1. Load the libraries required
#install.packages("tidyverse")
library(tidyverse) # A family of packages used to clean, process, model, and visualize data
# install.packages("sf")
library(sf) # Offers Support for simple features, a standardized way to encode spatial vector data. Binds to 'GDAL' for reading and writing data, to 'GEOS' for geometrical operations, and to 'PROJ' for projection conversions and datum transformations.
# install.packages("devtools")
# devtools::install_github("Shelmith-Kariuki/rKenyaCensus")
library(rKenyaCensus) # Contains the 2019 Kenya Census data
# install.packages("ggplot2")
library(ggplot2) # Used for creating amazing pretty graphs in R
# install.packages("tmap") #Thematic maps are geographical maps in which spatial data distributions are visualized
library(tmap)
# install.packages("leaflet") # Used for creating interactive maps
library(leaflet)
2. Read in the Kenya boundaries shapefiles
### Method 1
# KenyaSHP <- st_read("../Documents/PersonalDevelopment/GIS/Kenya counties/Kenya_counties.shp", quiet = TRUE, stringsAsFactors = FALSE, as_tibble = TRUE)
### Method 2
KenyaSHP <- read_sf("Kenya counties/Kenya_counties.shp", quiet = TRUE, stringsAsFactors = FALSE,as_tibble = TRUE)
### To easily view the shapefile in RStudio View pane, you can drop the geometry column and view the rest of the data.
### View(KenyaSHP %>% st_drop_geometry())
2.1 Inspect a few rows
print(KenyaSHP[6:9], n = 3)
#> Simple feature collection with 47 features and 3 fields
#> geometry type: MULTIPOLYGON
#> dimension: XY
#> bbox: xmin: 33.91182 ymin: -4.702271 xmax: 41.90626 ymax: 5.430648
#> geographic CRS: WGS 84
#> # A tibble: 47 x 4
#> COUNTY Shape_Leng Shape_Area geometry
#> <chr> <dbl> <dbl> <MULTIPOLYGON [°]>
#> 1 Turkana 15.0 5.68 (((35.79593 5.344486, 35.79659 5.344676, 35.797…
#> 2 Marsab… 12.0 6.18 (((36.05061 4.456218, 36.23184 4.451243, 36.245…
#> 3 Mandera 7.36 2.12 (((41.62133 3.976735, 41.62272 3.978599, 41.623…
#> # … with 44 more rows
2.2 Inspect the column names
colnames(KenyaSHP)
#> [1] "OBJECTID" "AREA" "PERIMETER" "COUNTY3_" "COUNTY3_ID"
#> [6] "COUNTY" "Shape_Leng" "Shape_Area" "geometry"
#names(KenyaSHP)
2.3 Inspect the class of the shapefile
class(KenyaSHP)
#> [1] "sf" "tbl_df" "tbl" "data.frame"
2.4 Look at the variable data types
glimpse(KenyaSHP)
#> Rows: 47
#> Columns: 9
#> $ OBJECTID <int> 1, 2, 3, 4, 5, 6, 7, 8, 9, 10, 11, 12, 13, 14, 15, 16, 17,…
#> $ AREA <dbl> 5.677, 6.177, 2.117, 4.610, 0.740, 1.713, 2.060, 0.877, 0.…
#> $ PERIMETER <dbl> 15.047, 11.974, 7.355, 9.838, 5.030, 8.311, 10.181, 5.964,…
#> $ COUNTY3_ <dbl> 2, 3, 4, 5, 6, 7, 8, 9, 10, 11, 12, 13, 14, 15, 16, 17, 18…
#> $ COUNTY3_ID <dbl> 1, 2, 3, 4, 5, 6, 7, 8, 9, 10, 11, 12, 13, 14, 15, 16, 17,…
#> $ COUNTY <chr> "Turkana", "Marsabit", "Mandera", "Wajir", "West Pokot", "…
#> $ Shape_Leng <dbl> 15.046838, 11.974165, 7.355154, 9.838408, 5.030271, 8.3110…

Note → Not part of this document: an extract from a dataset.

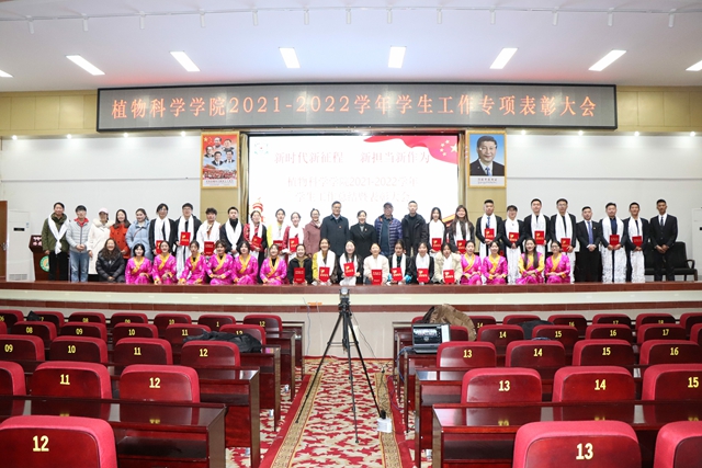 随后,党委宣传委员、副院长董爱荣教授宣读《植物科学学院关于表彰2021—2022学年学生工作专项表彰获得者的决定》,学院领导分组为获奖代表颁发了证书、敬献了哈达。

#> $ Shape_Area <dbl> 5.67698507, 6.17683074, 2.11719607, 4.60958923, 0.74048058…
#> $ geometry <MULTIPOLYGON [°]> MULTIPOLYGON (((35.79593 5...., MULTIPOLYGON …
2.5 View the geometry column
KenyaSHP_geometry <- st_geometry(KenyaSHP)
### View one geometry entry
KenyaSHP_geometry[[1]]
2.6 Geometry columns have their own class
class(KenyaSHP_geometry) #sfc, the list-column with the geometries for each feature
#> [1] "sfc_MULTIPOLYGON" "sfc"
class(KenyaSHP_geometry[[1]]) #sfg, the feature geometry of an individual simple feature
#> [1] "XY" "MULTIPOLYGON" "sfg"
3. Change the projection of the shapefiles
### This line is not necessary since the shapefile is already in the WGS 84 projection.
KenyaSHP <- st_transform(KenyaSHP, crs = 4326)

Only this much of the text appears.